ChromaDB Vector Database

Use ChromaDB as a vector database for your Knowledge Base.

Setup

1uv pip install chromadb

Example

1import asyncio
2
3from kern.agent import Agent
4from kern.knowledge.knowledge import Knowledge
5from kern.vectordb.chroma import ChromaDb
6
7# Create Knowledge Instance with ChromaDB
8knowledge = Knowledge(
9 name="Basic SDK Knowledge Base",
10 description="Kern 2.0 Knowledge Implementation with ChromaDB",
11 vector_db=ChromaDb(
12 collection="vectors", path="tmp/chromadb", persistent_client=True
13 ),
14)
15
16asyncio.run(
17 knowledge.ainsert(
18 name="Recipes",
19 url="https://kern-public.s3.amazonaws.com/recipes/ThaiRecipes.pdf",
20 metadata={"doc_type": "recipe_book"},
21 )
22)
23
24# Create and use the agent
25agent = Agent(knowledge=knowledge)
26agent.print_response("List down the ingredients to make Massaman Gai", markdown=True)
27
28# Delete operations examples
29vector_db = knowledge.vector_db
30vector_db.delete_by_name("Recipes")
31# or
32vector_db.delete_by_metadata({"user_tag": "Recipes from website"})

For hosted ChromaDB (Chroma Cloud)

1from chromadb.config import Settings
2
3vector_db = ChromaDb(
4 collection="vectors",
5 settings=Settings(
6 chroma_api_impl="chromadb.api.fastapi.FastAPI",
7 chroma_server_host="your-tenant-id.api.trychroma.com",
8 chroma_server_http_port=443,
9 chroma_server_ssl_enabled=True,
10 chroma_client_auth_provider="chromadb.auth.token_authn.TokenAuthClientProvider",
11 chroma_client_auth_credentials="your-api-key"
12 )
13)

Async Support ⚡

ChromaDB also supports asynchronous operations, enabling concurrency and leading to better performance.

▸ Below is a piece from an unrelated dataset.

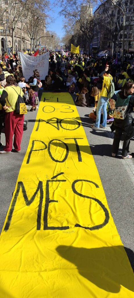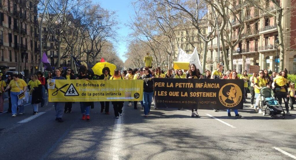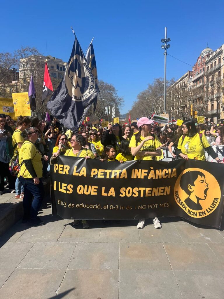 Diferents columnes van confluir fins a la plaça Tetuan i des d’allà una marea groga va inundar mitja ciutat. Les treballadores de la petita infància ens vam trobar acollides dins del bloc de la CGT, per una part i per l’altre, en un altre espai de la mateixa manifestació. La gran quantitat de gent, la diversitat de tempos i capacitat d’espera va fer que quedéssim separades en dos grans blocs, però sabem del cert que cada un va destacar i va deixar posar l’accent en les reivindicacions de la nostra etapa deixant clar que el 0-3 NO POT MÉS i és urgent que la Generalitat comenci a implementar mesures per trencar d’una vegada per totes amb la precarització de les seves treballadores i la petita infància.

1# install chromadb - `pip install chromadb`
2
3import asyncio
4
5from kern.agent import Agent
6from kern.knowledge.knowledge import Knowledge
7from kern.vectordb.chroma import ChromaDb
8
9# Initialize ChromaDB
10vector_db = ChromaDb(collection="recipes", path="tmp/chromadb", persistent_client=True)
11
12# Create knowledge base
13knowledge = Knowledge(
14 vector_db=vector_db,
15)
16
17# Create and use the agent
18agent = Agent(knowledge=knowledge)
19
20if __name__ == "__main__":
21 # Comment out after first run
22 asyncio.run(
23 knowledge.ainsert(url="https://kern.ndx.rocks/introduction/agents.md")
24 )
25
26 # Create and use the agent
27 asyncio.run(
28 agent.aprint_response("What is the purpose of an Kern Agent?", markdown=True)
29 )
Tip

Use ainsert() and aprint_response() methods with asyncio.run() for non-blocking operations in high-throughput applications.

Note

ChromaDB has a batch size limit due to SQLite constraints. When inserting documents that exceed this limit, Kern automatically splits them into smaller batches. The batch size is auto-detected from ChromaDB's server configuration.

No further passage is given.